EXERCISE OBJECTIVE – Would you return exactly the lines from the top of the data below through the one containing "International Human Rights Day Celebration", leaving out the pictures?

INPUT DATA –
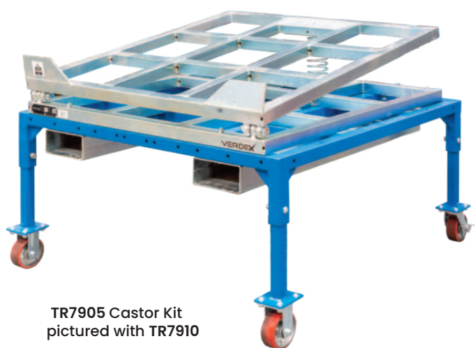
TR7905 Castor Kit pictured with TR7910
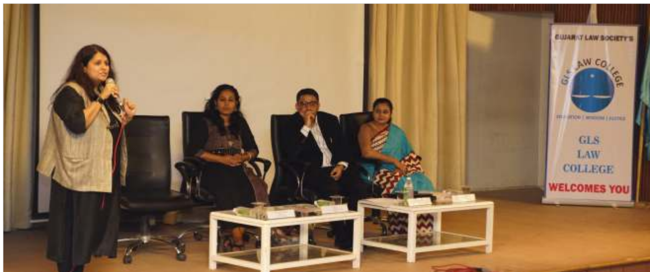
International Human Rights Day Celebration

Every year the International Human Rights Day is celebrated at GLS Law College with a Rotating Trophy. In the year 2019-2020, the competition was in the form of 'Short film making' on the topic: "Tribute to Gandhi's Human rights Ideology". The activity was to pay tribute to one of the greatest philanthropists to ever exist and to his words when he said "In times to come people will not judge us by the creed we profess or the label we wear or the slogans we shout, but by our work, industry, sacrifice, honesty and purity of character." His words reflect beyond doubt that he upheld and wished for all, basic human rights, irrespective of irrelevant considerations of caste, creed, religion, etc. The duration of the film was to be of 3 minutes, with the winning semester bagging the Rotating Trophy.
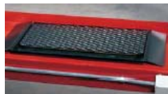
P/N 4661600 SLIDING REAR PLATFORMS
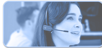
Full Service Support
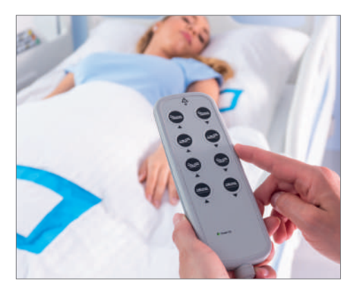
Wired remote control for the patient and staff (variant with 8 buttons in the Comfort and Premium version).
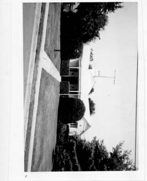
PHOTO REMARKS 4-23-78 ok for finalized after over near 15 p.m. 1901 4
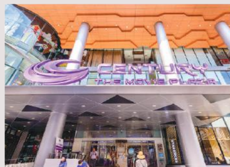
Century B1F - 4F The Movie Plaza 2 / Shopping Mall

Open daily, 6:00 a.m. - 10:00 p.m. or 24 hours with key card
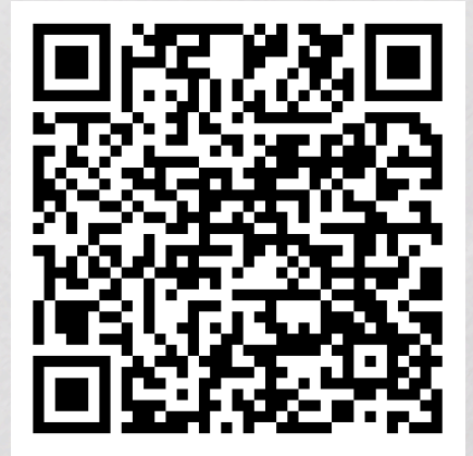
SCAN TO LISTEN

THE SONG'S STORY BEHIND THE SONG SHARES PERSONAL EXPERIENCES OF ANXIETY AND FEELING INADEQUATE, AND HOW THE SONG BECAME A DECLARATION OF FAITH AND RELIANCE ON GOD DURING DIFFICULT TIMES
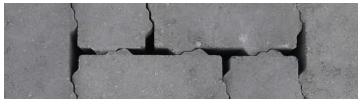
Lamp Black (Smooth or Textured - Special Order)
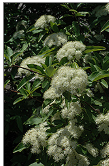
Witherod Viburnum flowers
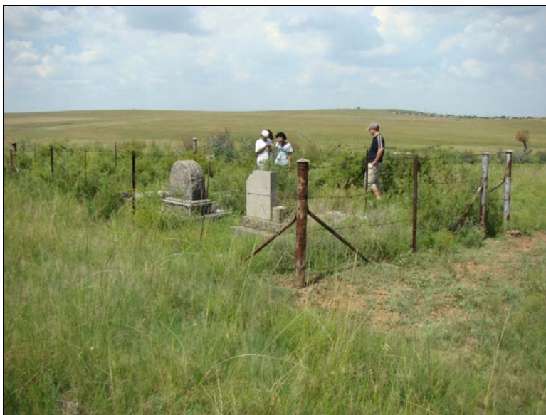
Fig.4 The graveyard on the western periphery of the proposed site.
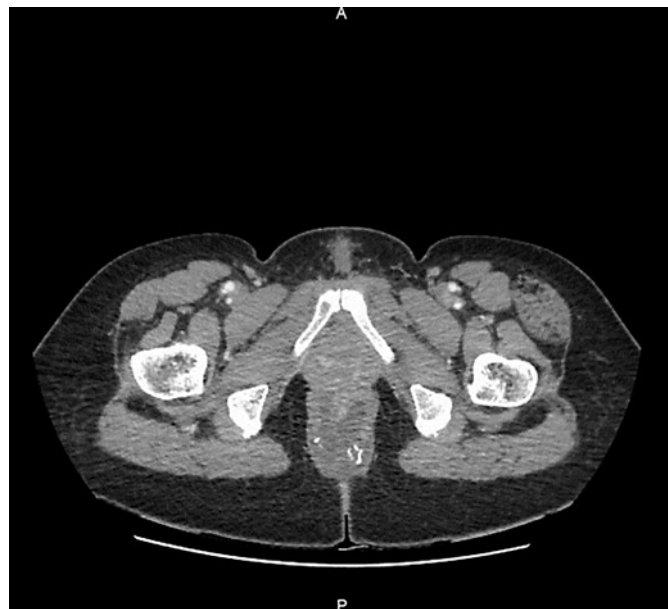
Fig. 1. CT scan showing a polycystic retroanal mass containing calcifications.
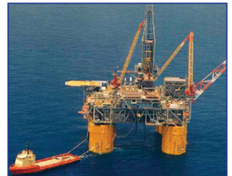
Shell Mars B
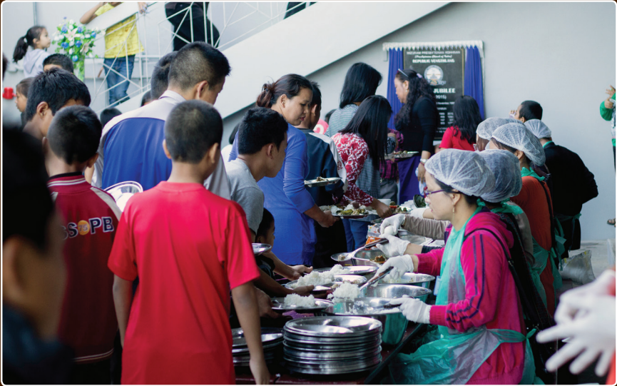
Silver Jubilee lawmna ruaitheh
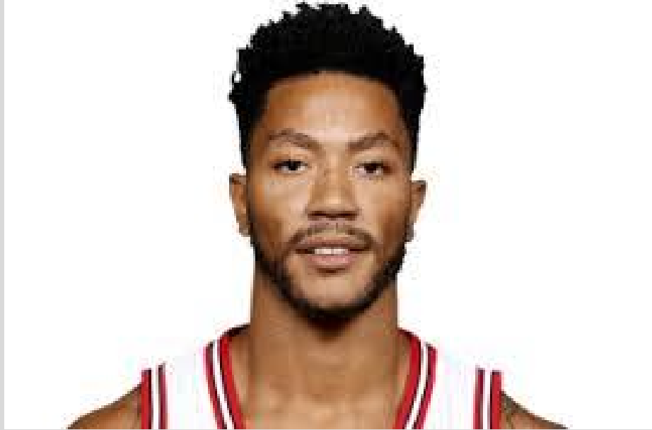
Derrick Rose Chicago Bulls
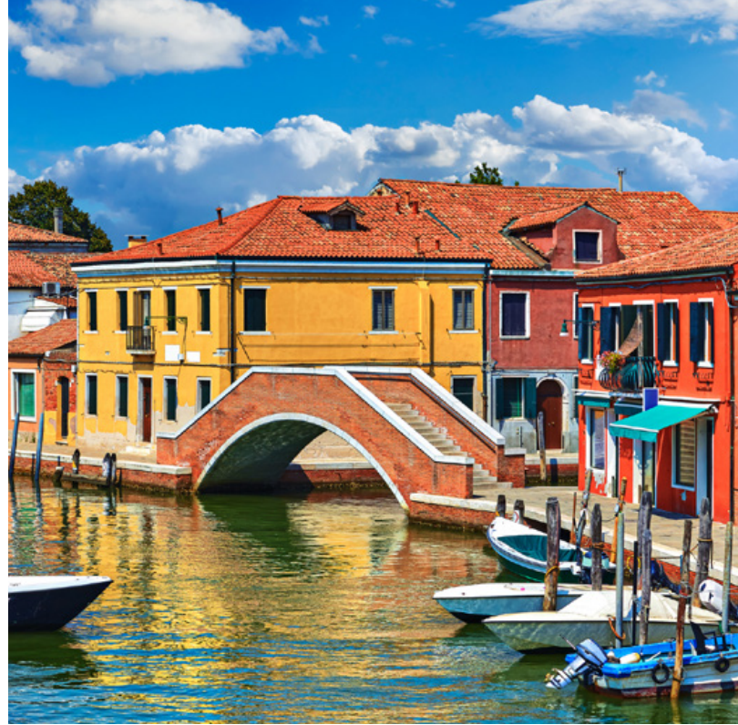
Left photo: Roman Forum, Zadar / Right photo: Venice, Italy
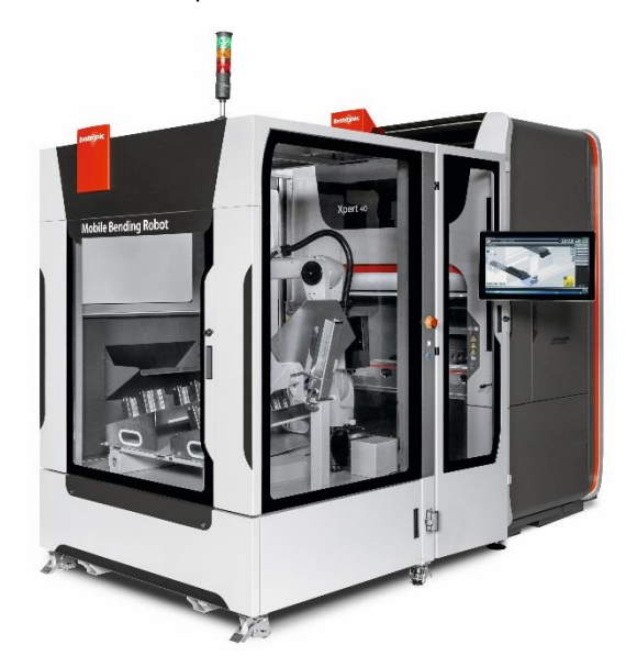
[03] A "mobile bending cell" makes conventional press brakes fit for automation

But this is not the only application for wireless switches in Xpert plants. Bystronic has also developed a solution whereby a "normal" press brake can work totally automatically if required. A mobile robot cell, with a six-axis robot which references itself to the press automatically, is positioned in front of the press. The robot removes sheets of metal from the integrated stack, positions them precisely, initiates the bending process, grasps the metal several times and then throws out the finished parts.
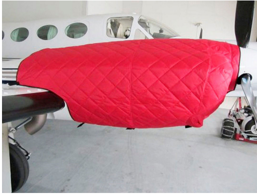
Cessna 421 Insulated Engine Covers

This cover type is made from Silver Acrylic Sunbrella canvas and is 100% lined with a soft and smooth microfiber. Bruce's Custom Covers developed this material combination especially for aircraft protection. The outer material is medium weight and treated for water resistance, UV resistance and anti-static buildup. The inner lining is a very soft and smooth microfiber to prevent scratching. The material is very reflective, and tests show that the cabin interior temperature can be reduced to near-ambient temperature on the hottest of days. It is water, ice and snow repellent, yet breathable to allow moisture to escape from between the cover and the aircraft surface.
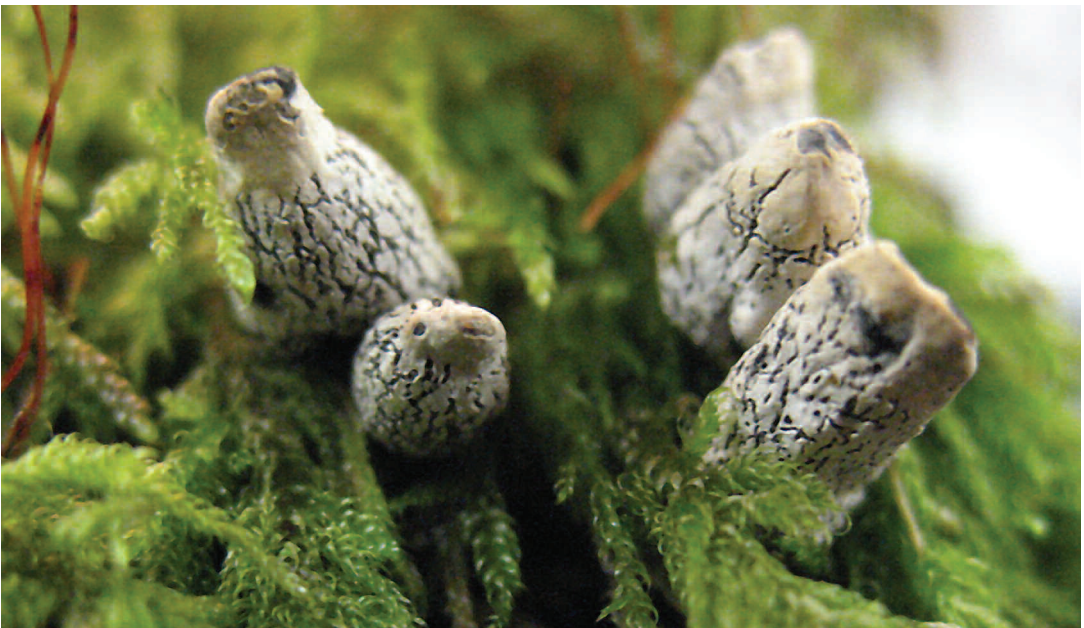
Fig. 3. X. cinerea : short fat fruitbodies on a moss-covered log (probably Quercus) in Tycanol National Nature Reserve, Pembrokeshire, 30 Oct. 2007.
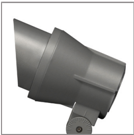
Ordering Code: AUN-GHS-0001-XX Glare shield cap

*Due to the constancy of product development, we reserve the right to alter all specification without prior notice.
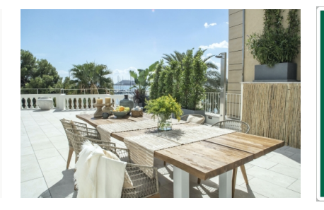
Paseo Maritimo search for property MAL-077627
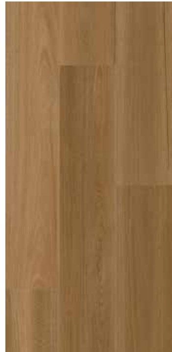
Majestic Natural Blackbutt 6570AR
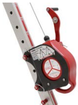
Type 3 Fall Arrest Block

Type 2 winch with mount bracket and basic wind up/down mechanism. 6mm galvanised steel cable. 10m, 20m, 25m. WLL 220kg. Sold separately.
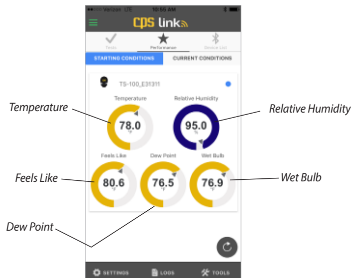
Data Displayed In Starting Conditions Screen
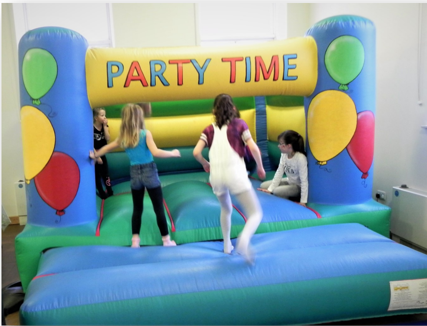
Fun at the 2018 New Year family party
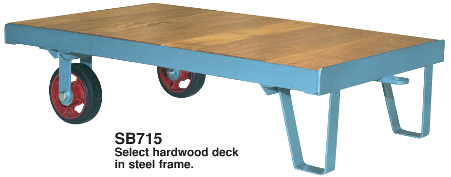
SB715 Select hardwood deck in steel frame.

ANSWER TO THE PROBLEM –
TR7905 Castor Kit pictured with TR7910
International Human Rights Day Celebration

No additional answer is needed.